The National Security Agency (NSA) has listed five known vulnerabilities that Russia’s SVR is currently targeting. Although there are patches for all of the vulnerabilities, there are plenty of targets for SVR operatives to exploit. Although the warning has come from the NSA, the affected products are sold globally, making their exploitation more than just a US issue.
In its advisory, the NSA wrote: “Mitigation against these vulnerabilities is critically important as US and allied networks are constantly scanned, targeted, and exploited by Russian state-sponsored cyber actors.” It continued: “NSA, CISA, and FBI strongly encourage all cybersecurity stakeholders to check their networks for indicators of compromise related to all five vulnerabilities and the techniques detailed in the advisory and to urgently implement associated mitigations.”

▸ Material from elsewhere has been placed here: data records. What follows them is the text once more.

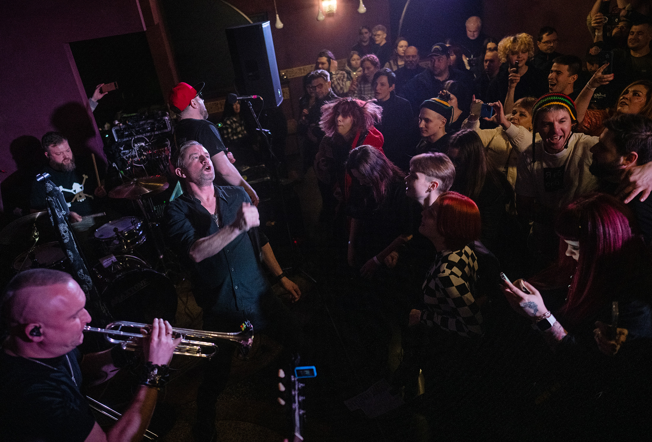 Zhadan在哈尔科夫的一场活动中表演。摄影师:Lynsey Addario/Getty Images现在是三月,在乌克兰中央基辅一个时尚工作空间的主舞台上,乌克兰最著名的现存诗人谢尔盖·扎丹在即兴表演,一名贝斯手在他身后跟着节奏。角落里的大屏幕播放着战场上的实时无人机画面,观众中有当地文化界人士、士兵和几位乌克兰最富有的公民,还有一个由Babenko帮助建立的无人机工业复合体的主要支持者。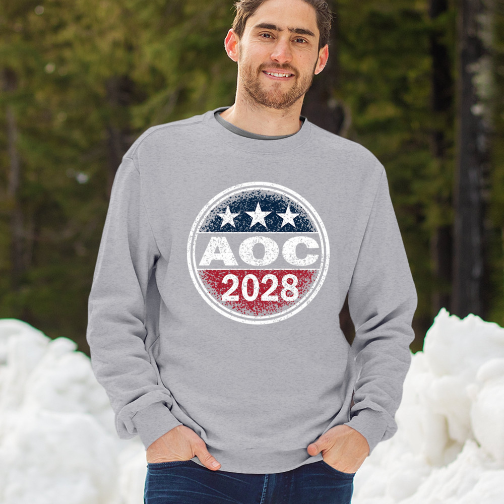 Show support for AOC 2028 with this patriotic distressed badge design. Great for progressives, rallies, events, and young political activists.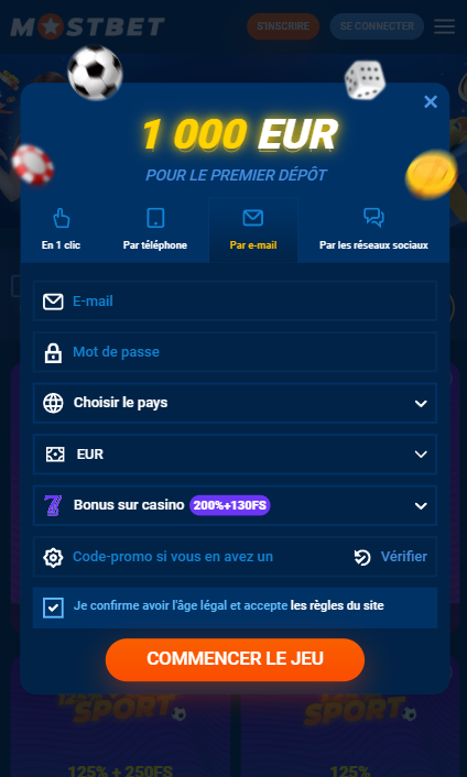 1. ouvrir le formulaire d’inscription Mostbet ;

What is the NSA warning about?
There are five items on the NSA warning list. They are:
- CVE-2018-13379 Fortinet FortiGate VPN
- CVE-2019-9670 Synacor Zimbra Collaboration Suite
- CVE-2019-11510 Pulse Secure Pulse Connect Secure VPN
- CVE-2019-19781 Citrix Application Delivery Controller and Gateway
- CVE-2020-4006 VMware Workspace ONE Access
Each of the vendors has already issued patches for the vulnerabilities. However, despite many of those patches being over a year old, there are many unpatched installations. These are all vulnerable to attack.
The NSA is concerned that the SVR will use these vulnerabilities to gain access to organisations networks. What is not clear is what actions it is seeing the SVR take when it does compromise an organisation? Is it installing web shells to gain a presence on the devices? Is it moving laterally across infected networks? What risk is there to the software supply chain involving the victims of these attacks?
Seven things the NSA is advising companies to do
The NSA has produced an infographic giving seven actions that companies can take to protect themselves. They are:
- Update systems and products as soon as possible after patches are released.
- Assume a breach will happen; review accounts and leverage the latest eviction guidance available.
- Disable external management capabilities and set up an out-of-band management network.
- Block obsolete or unused protocols at the network edge and disable them in client device configurations.
- Reduce exposure of the local network by separating internet-facing services
- Enable robust logging of internet-facing services and authentication functions. Continuously hunt for signs of compromise or credential misuse, particularly in cloud environments.
- Adopt a mindset that compromise happens: Prepare for incident response activities.
All of these are standard best practice. Organisations that are not already taking these steps need to review how they secure their enterprises and make changes accordingly.
According to Chris Hallenbeck, Regional CISO of Americas at Tanium: “Notably those 5 vulnerabilities were announced in 2018, 2019, and 2020. That means organizations are failing to address vulnerabilities that are upwards of three years old, which considerably increases the likelihood of a damaging breach occurring.”
Enterprise Times: What does this mean?
Once again, we are talking about vulnerabilities that have been around for years and are still unpatched. Unfortunately, many organisations have this sort of issue across their IT estate. In some cases, it is because the products are no longer in use but have not been uninstalled. In other cases, it is because their patch management processes are poor. Leaving vulnerabilities in place invites organisations like the SVR to create exploits and penetrate networks. That this is happening here is unsurprising.
Natalie Page, Threat Intelligence Analyst at Talion, said: “This combined alert from 3 major intelligence service’s has emerged following the United States attribution of the Russian Foreign Intelligence Service (SVR), also known as APT29, Cozy Bear, and The Dukes, to both the SolarWinds attack and espionage campaigns targeting COVID-19 research in the US and UK.
“We have already witnessed Iranian threat groups Pioneer Kitten & UNC757 weaponising two of the exploits last year. Patch management and following the mitigations recommendations set out in the alert from the NSA, FBI and CISA is paramount for organisations looking to protect and detect this threat.”
The big question now is, how dangerous are these attacks? As we don’t know how the SVR is leveraging these vulnerabilities, the scale of the risk is unknown. If the NSA, FBI or other US agency sees an increase in threats that pose a wider problem, what happens next? Is there a way to make companies patch their systems? Will we see the FBI seek another warrant to remove malicious code?
This last month has seen a new phase of action from US agencies when it comes to cybersecurity. What will they do next?